As will be described in detail below, thread truncation module 208 obtains the user prompts and corresponding responses from the language model 204 and maps them to a topic. If or when the topics being discussed diverge, the thread truncation module 208 will remove the previous contexts (prompts and responses related to older topics) from the thread. As highlighted above, a timing threshold (i.e., the passage of more than a certain amount of time and/or the exchange of more than a certain number of messages) can be used to identify older topics in long-running threads.

FIG. 4 is a diagram illustrating an exemplary methodology 400 for language model thread truncation. According to an exemplary embodiment, methodology 400 is performed by system 200 of FIG. 2. As highlighted above, the overall approach implemented by thread truncation module 208 is to contextualize the user prompts and responses by the language model 204 in a thread around the various topics discussed. As the thread diverges, thread truncation module 208 will remove the context related to older topics in order to truncate the thread.

Namely, in step 402, a user opts into the present contextual truncation feature. This will enable thread truncation module 208 to autotruncate long-running conversation threads as the user interacts with language model 204. As provided above, users can interact with language model 204 via interface 206, such as via a computer monitor or other display. Advantageously, by opting into contextual truncation, threads will be easier for the user to follow throughout the conversation, and these threads will be more meaningful for the user since they will be automatically and intelligently truncated to include only those topics most relevant to the current interests of the user.

In step 404, thread truncation module 208 obtains prompts and responses as the user interacts with language model 204. For instance, the user might prompt the language model 204 of conversation bot 202 with the query “What type of orange is good for making orange juice?” and the corresponding response from the language model 204 might be “Valencia oranges are very popular for making orange juice.” Data from this back-and-forth exchange is ingested by the thread truncation module 208.

As highlighted above, the context or setting in which the prompts and responses are made is leveraged to associate the prompts and responses with their related topics. This is done by grouping or clustering the prompts and responses by their topical representation (or in other words, by the topics they represent).

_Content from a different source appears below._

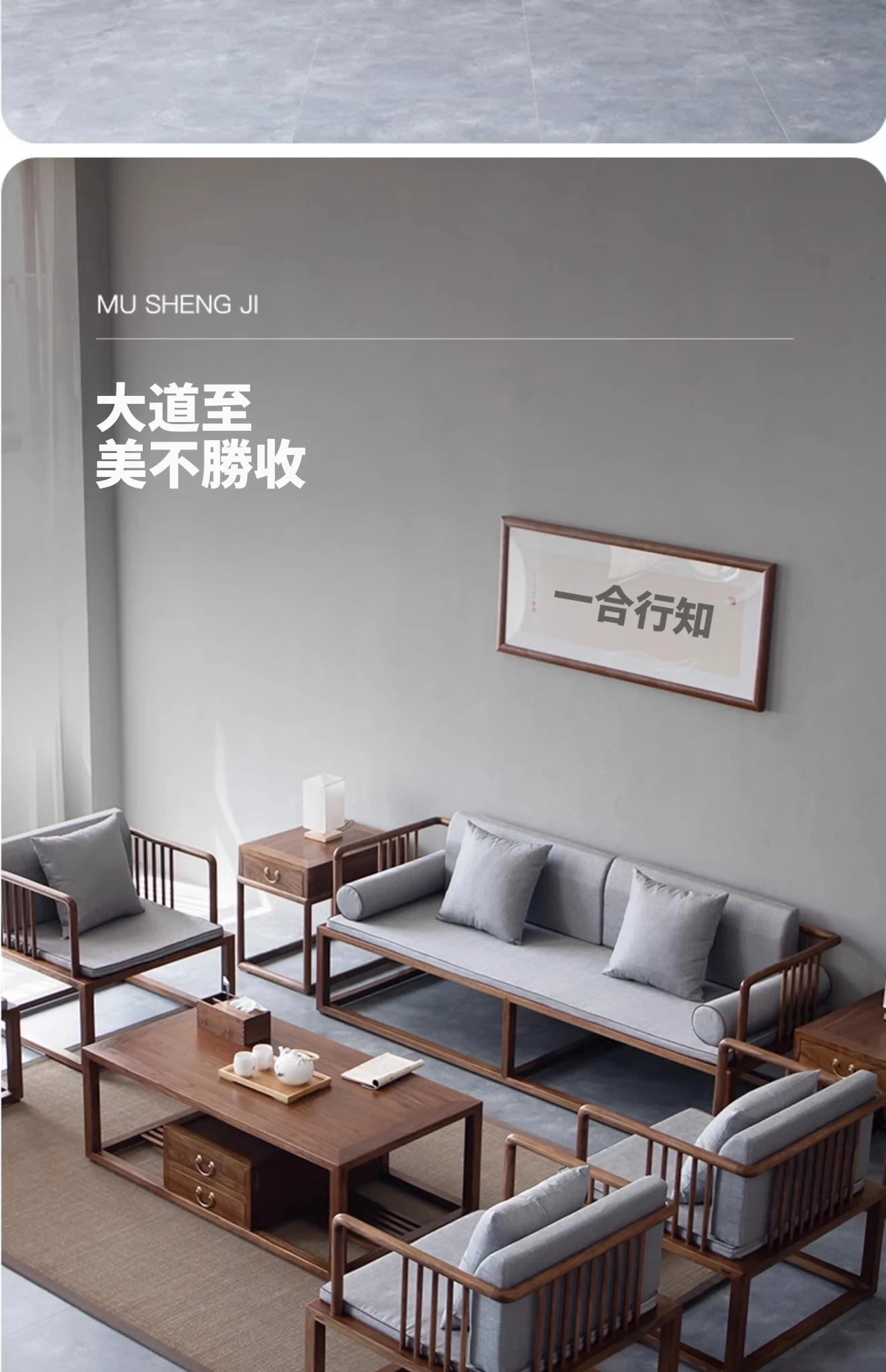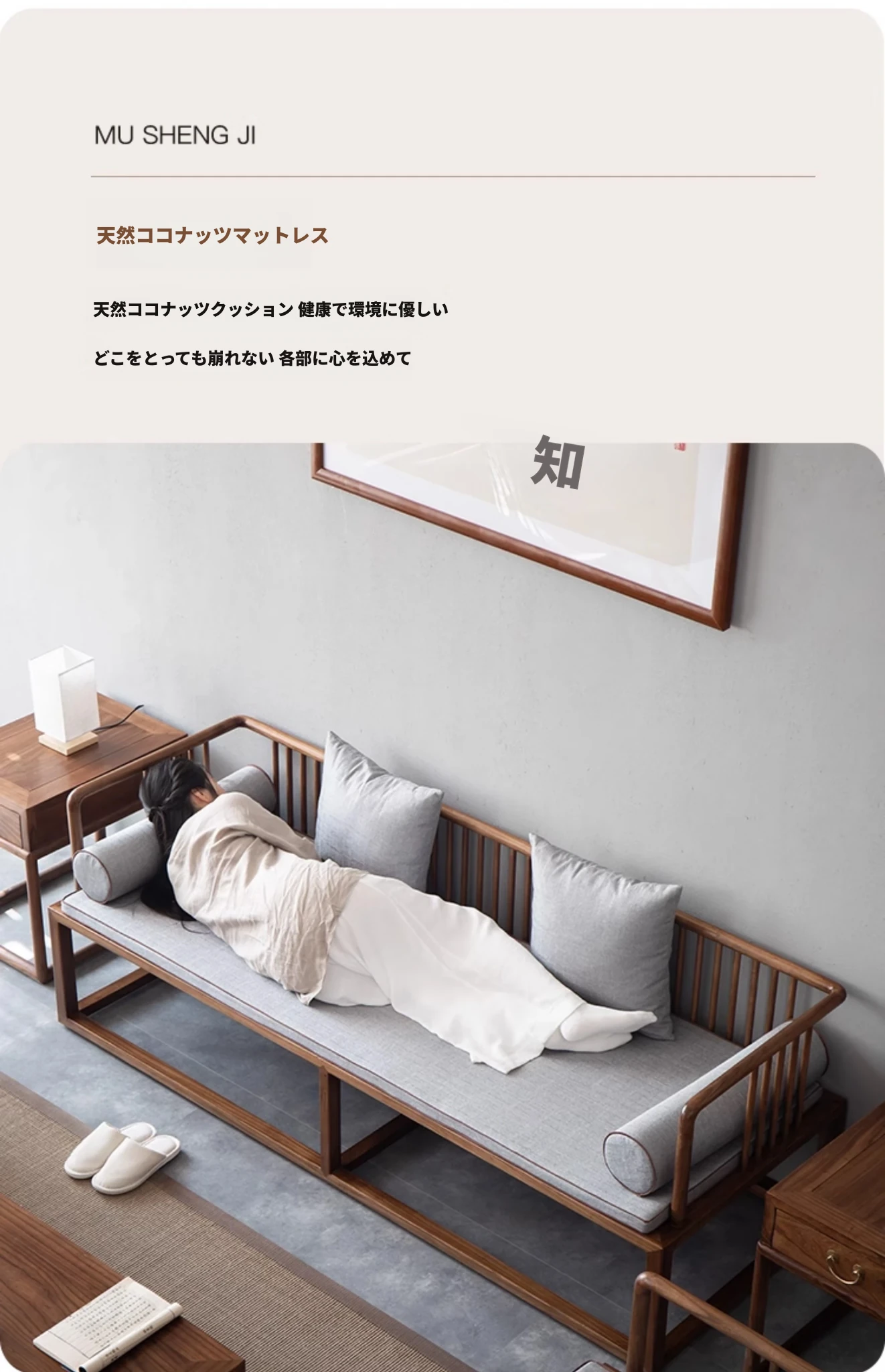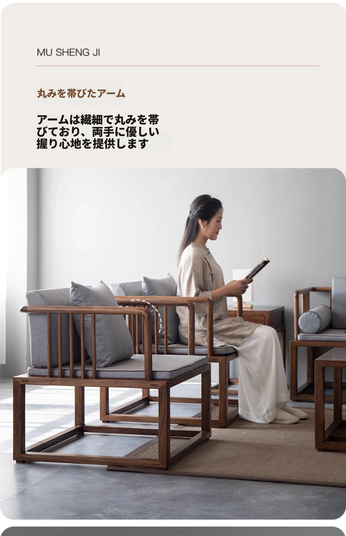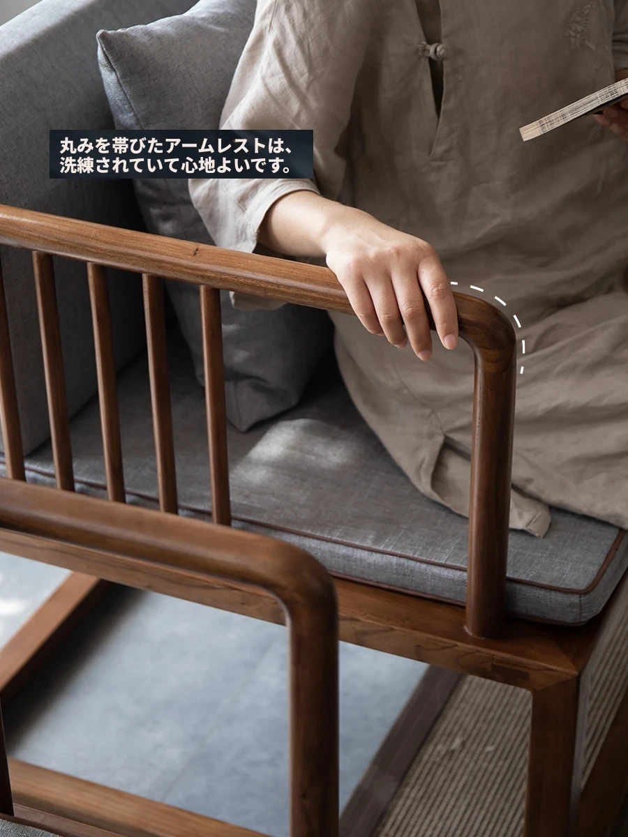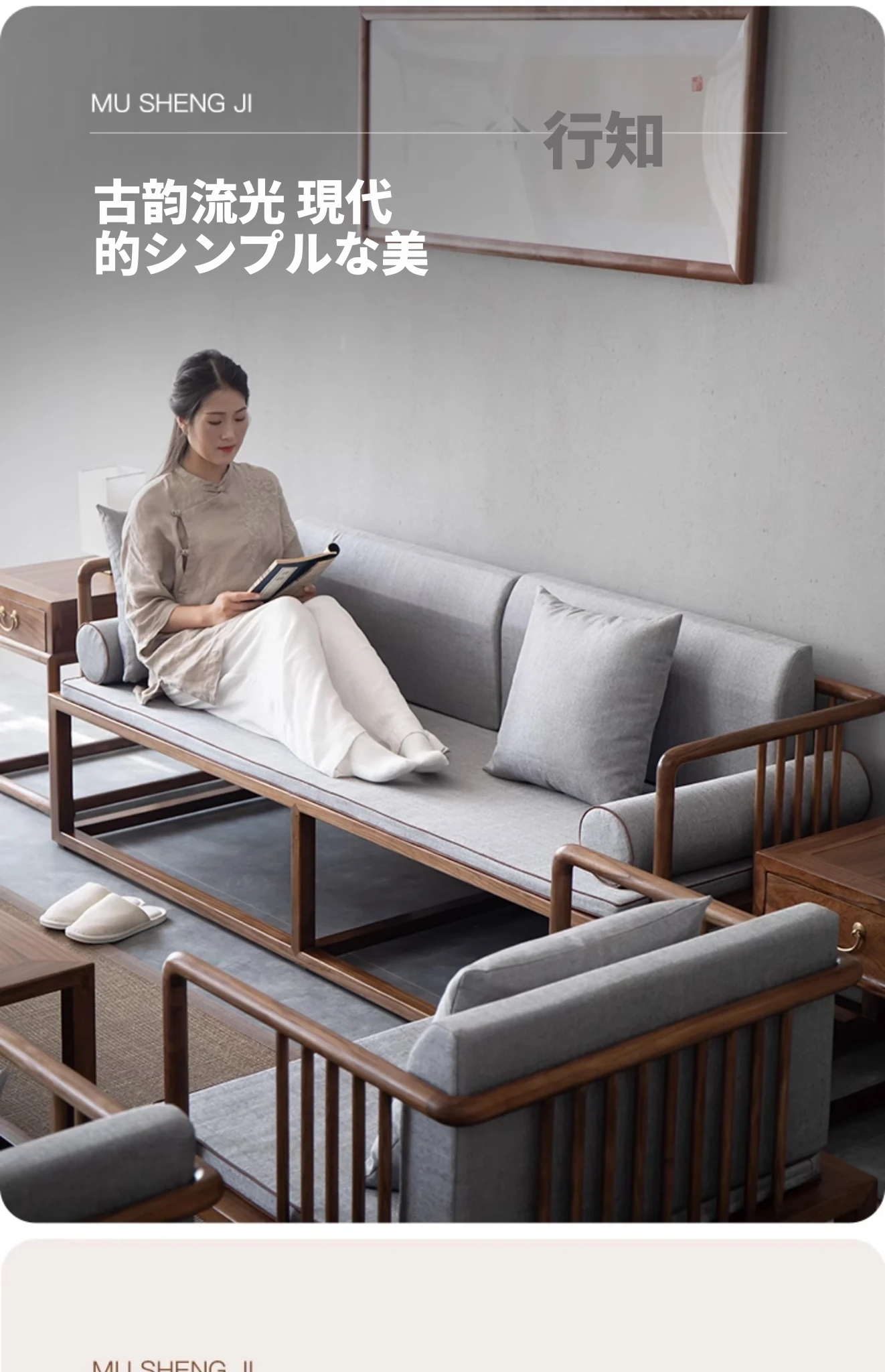 新中式デザインのソファセット - ブラックウォールナットの無垢材使用、モダンでシンプルなリビング向けファブリックの貴妃椅子。おしゃれで快適な中華風の家庭用家具!

See step 406. According to an exemplary embodiment, step 406 is performed by thread truncation module 208 using a metric such as cosine similarity and/or latent Dirichlet allocation.

Language models represent words using (n-dimensional) vectors which are unique to each of the words in a text. As such, these vectors can be thought of as representing the meaning of individual words in the text. Cosine similarity looks at the similarity between two of these (non-zero) vectors defined in an inner product space. Cosine similarity is measured as the cosine of the angle between the two of the vectors, and determines whether the two vectors are pointing in approximately the same direction. The cosine similarity will range from 0 to 1, where a cosine similarity score of 1 means that the two vectors have the same orientation. Conversely, cosine similarity values closer to 0 indicate that the two vectors have less similarity. For instance, referring briefly to the graphic shown in FIG. 5, the similarity of a vector A and a vector B, i.e., Sim(A, B), can be measured as the cosine of the angle θ between them:

$Sim (A, B) = \cos (θ) = \frac{A \cdot B}{ A   B } .$

Through cosine similarity, prompts and responses using the same or similar words will be grouped in the same cluster. By this process, each cluster will end up containing the prompts and responses related to a certain topic (the same topical representation). For instance, again using the example above, if all of the prompts and responses containing the words ‘Oranges,’ ‘Orange juice,’ etc. are grouped together, then the resulting cluster can represent the topic of Oranges as a food. If, however, the conversation then drifts to other topics such as towns in the U.S. named Orange, their location, climate, etc. then that may serve as the basis for another cluster around the topic of Orange as a location.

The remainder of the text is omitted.